« Ils nous ont tant volés qu’ils nous ont même dérobé notre peur » : insurrection populaire au Chili



Le Chili vit depuis quelques jours un soulèvement insurrectionnel d’une ampleur inédite. Partie de l’augmentation des prix du ticket de métro, la révolte s’est rapidement généralisée, prenant pour cible le système dans son ensemble — dans un pays qui, depuis le coup d’État mené par Pinochet en 1973, est un laboratoire du néo-libéralisme le plus féroce et où les inégalités sont parmi les plus fortes au monde.

Article publié sur ACTA le 21/10/2019

Alors que le gouvernement de droite à décrété l’État d’urgence et instauré un couvre-feu, alors que les militaires patrouillent dans les rues pour la première fois depuis la fin de la dictature en 1990, Acta a mené un entretien avec leur correspondant au Chili pour faire le point sur la situation. Il nous explique les enjeux de l’explosion sociale en cours, sa composition, ses méthodes de lutte et sa résonance avec les soulèvements parallèles en Amérique du Sud.

Le Chili connaît des émeutes populaires d’une intensité jamais vue depuis des décennies. Quel a été l’élément déclencheur du soulèvement ?

L’élément déclencheur du soulèvement, c’est la lutte contre l’augmentation du prix du métro à Santiago. Un journaliste de l’agence France-Presse, toujours aussi fin limier, vient de découvrir que le métro de Santiago du Chili était le plus étendu de toute l’Amérique latine, et que la capitale était surpolluée par les embouteillages. Il serait plus judicieux de dire que ce mouvement, initié par des étudiants, des précaires et des lycéens est typique de la situation analysée par l’opéraïsme italien à travers le concept d’ouvrier social. Dans une époque où c’est la ville entière qui est devenue une usine, et donc où c’est l’ensemble de l’espace social urbain qui participe à la production de valeur, il est tout à fait logique que le prix du métro devienne un enjeu radical des luttes.
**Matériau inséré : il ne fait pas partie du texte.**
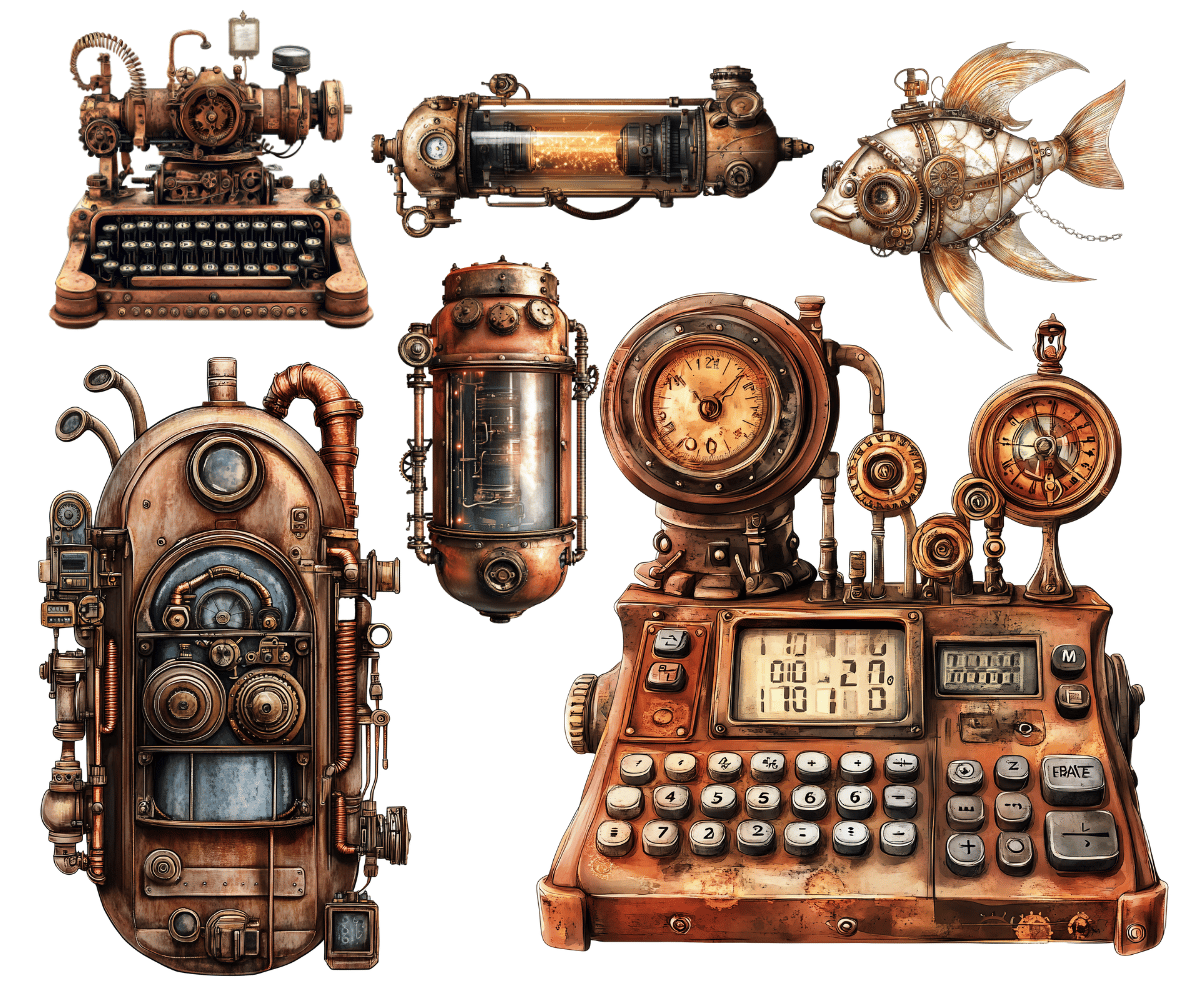 Steampunk Digital Paper, Steampunk PNG, Steampunk Clipart, Victorian Steampunk Papers, Steampunk Digital Download, Steampunk Ephemera, Industrial Grunge Paper
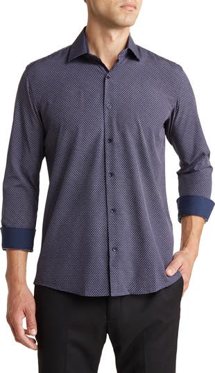 A wrinkle-free performance fabric defines this slim fit dress shirt covered in a geometric print, making it a great choice for a well-dressed look.
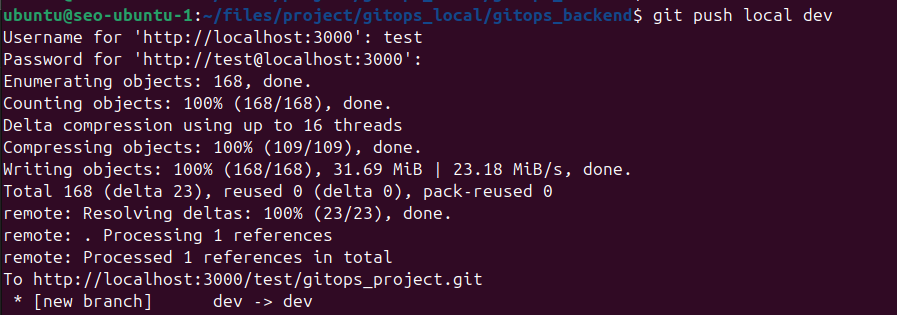 먼저 로컬 리포지토리를 local에 설치되어 있는 gitea에도
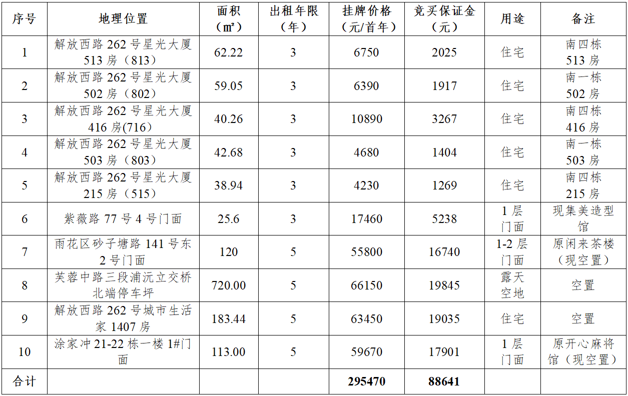 標(biāo)的位于長沙市解放西路、砂子塘路、湘府西路等42處經(jīng)營性資產(chǎn),本次剩余10處標(biāo)的進(jìn)行租賃權(quán)拍賣,現(xiàn)狀為標(biāo)的6存在原租戶(占用中未搬離),無優(yōu)先承租權(quán),其余均為空置門面招租。
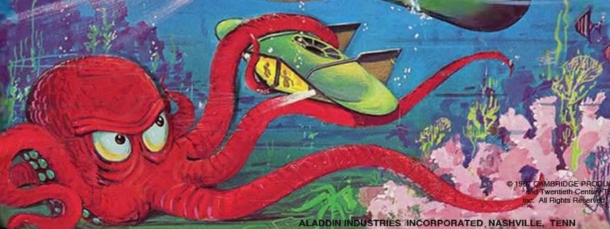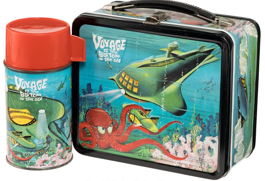 Issued by Aladdin Industries in 1967. A black metal box with the Seaview and Flying Sub being attacked on one side. The other side pictures, Nelson & Crane observing a sea monster. The box also includes a thermos bottle with artwork images.Value: $400.
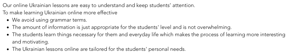 Des leçons simples, mais approfondies et une progression facile, mais sĂ©rieuse sont les deux atouts principaux du livret. Les leçons sont composĂ©es de « blocs » thĂ©oriques de dĂ©couverte accompagnĂ©s de ceux de « la pratique » avec de nombreux exercices simples, mais efficaces. Notons qu’Ă part les consignes de l’exercice, tout est ici Ă©crit en ukrainien pour une rĂ©elle immersion… AprĂšs chaque groupe de leçons, un lexique permet d’acquĂ©rir le vocabulaire utilisĂ© par petites Ă©tapes.
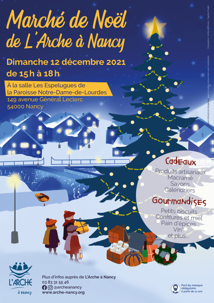 A l’approche des fêtes de fin d’année, l’Arche à Nancy organise un marché de Noël, le dimanche 12 décembre 2021 à la salle les Espelugues, paroisse Notre Dame de Lourdes, 149 avenue Général Leclerc.
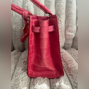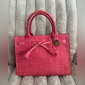 Designer handbag • Italian leather bag • Croc embossed purse • Luxury mini tote • Structured satchel • Pink designer bag • Classic American designer • Everyday luxury
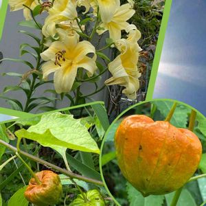おはようございます🎶 今日の花ホウズキ💚🧡💚 満開の💛オリエンタルリリー💛
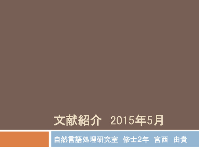 文献紹介 2015年5月 自然言語処理研究室 修士2年 宮西 由貴
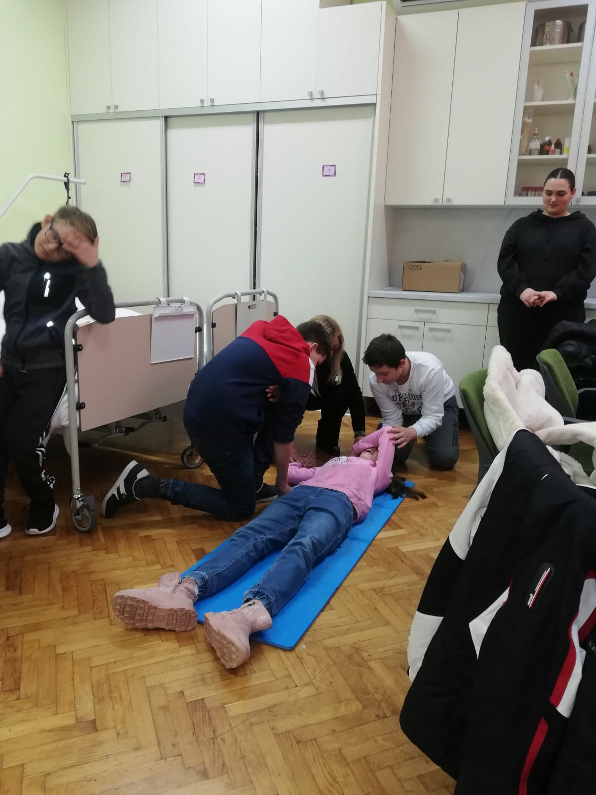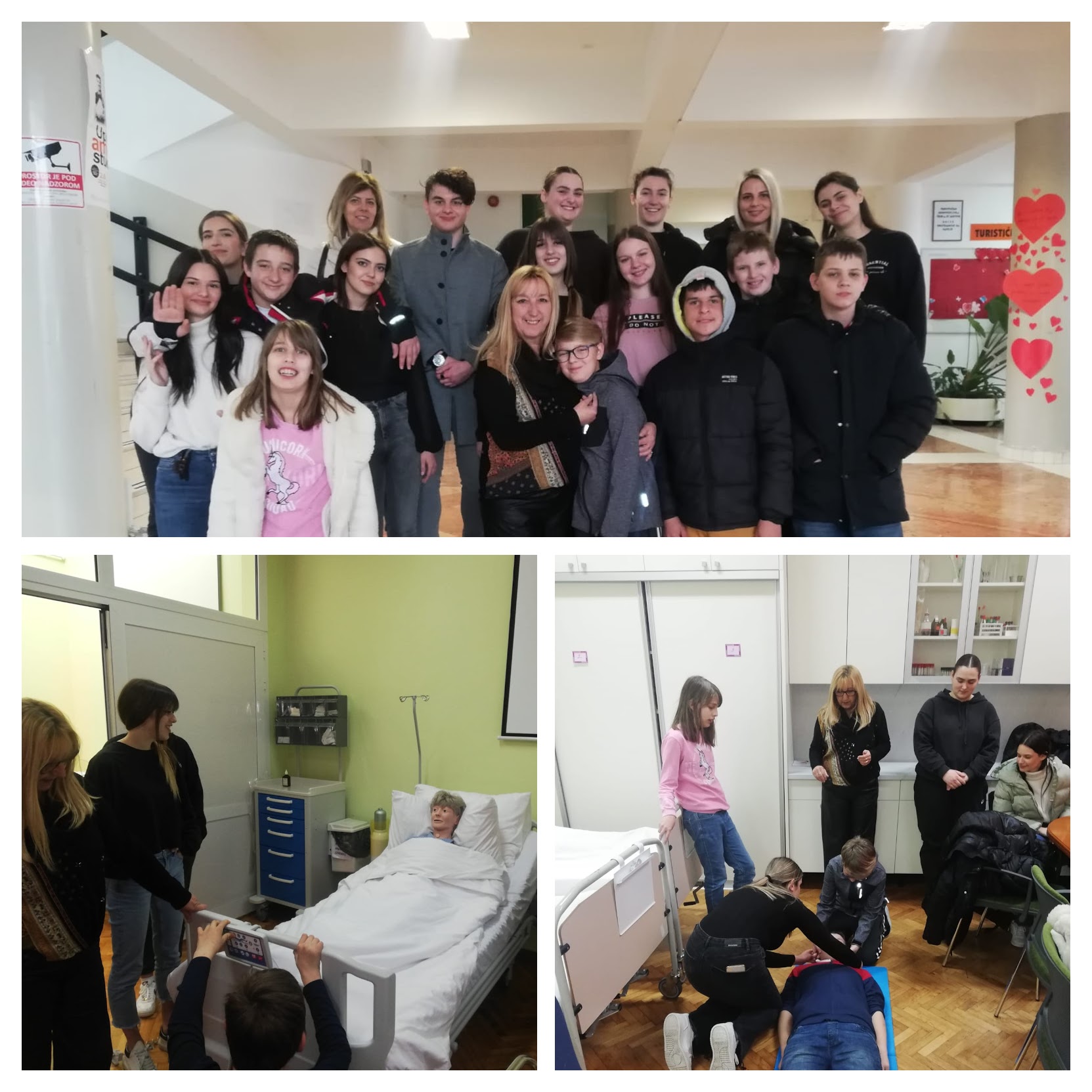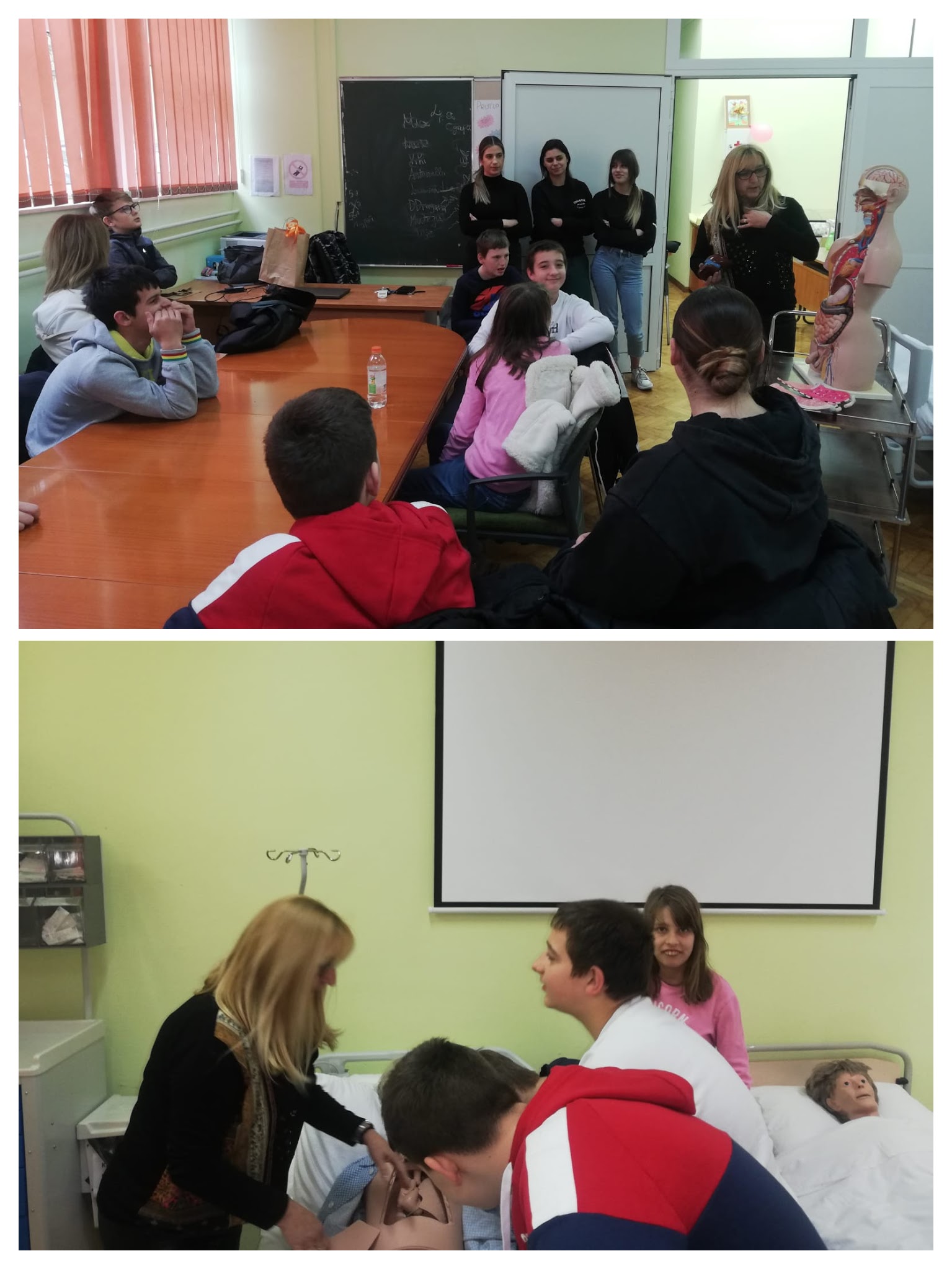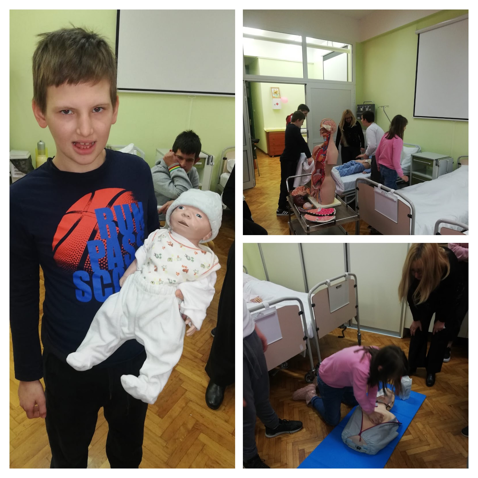 Dočekla ih je nastavnica Snežana Žaja i njezini učenici. Skupa su obišli kabinet, na modelu ponovili ono što već znaju, a zatim sudjelovali u demonstraciji pružanja prve pomoći i davanja umjetnog disanja.

Si l’on pense aux mouvements de ces dernières années en Amérique du Sud, on peut faire la comparaison avec les luttes de 2013 à São Paulo, revendiquant la gratuité du bus dans cette ville. Un peu comme au Brésil, le mouvement a commencé avec un groupe militant indépendant des partis et syndicats ouvriers, et s’est répandu de la capitale aux autres grandes villes de tout le pays. Le plus surprenant, c’est la rapidité de l’extension du mouvement dans le cas chilien. Vendredi, il a pris Santiago. Samedi, il s’est déployé dans toutes les grandes villes du pays, du nord jusqu’au sud.

Comment la lutte contre la hausse des prix des transports s’est-elle muée en insurrection généralisée ?

Ces formes de luttes contemporaines, où c’est la métropole elle-même qui devient un enjeu politique, sont de plus en plus présentes au Chili depuis ces dernières années. Ce n’est certes pas la première tentative de politisation du « droit à la ville » qui se passe au Chili, que ce soit à Santiago ou ailleurs. D’autres luttes antérieures ont déjà eu lieu, avec des résultats relatifs. De même, les pratiques émeutières ne sont pas nouvelles ici. Et il faut rappeler le courage des militantes féministes face à la répression policière, que ce soit lors du mouvement féministe de 2018, ou même lors de la marche du 8 Mars de cette année. S’il y a une explosion sociale d’une telle ampleur cette fois-ci, je crois que l’une des raisons se trouve dans les nouvelles formes de luttes, beaucoup plus offensives, qui ont été développées dès le premier jour à Santiago.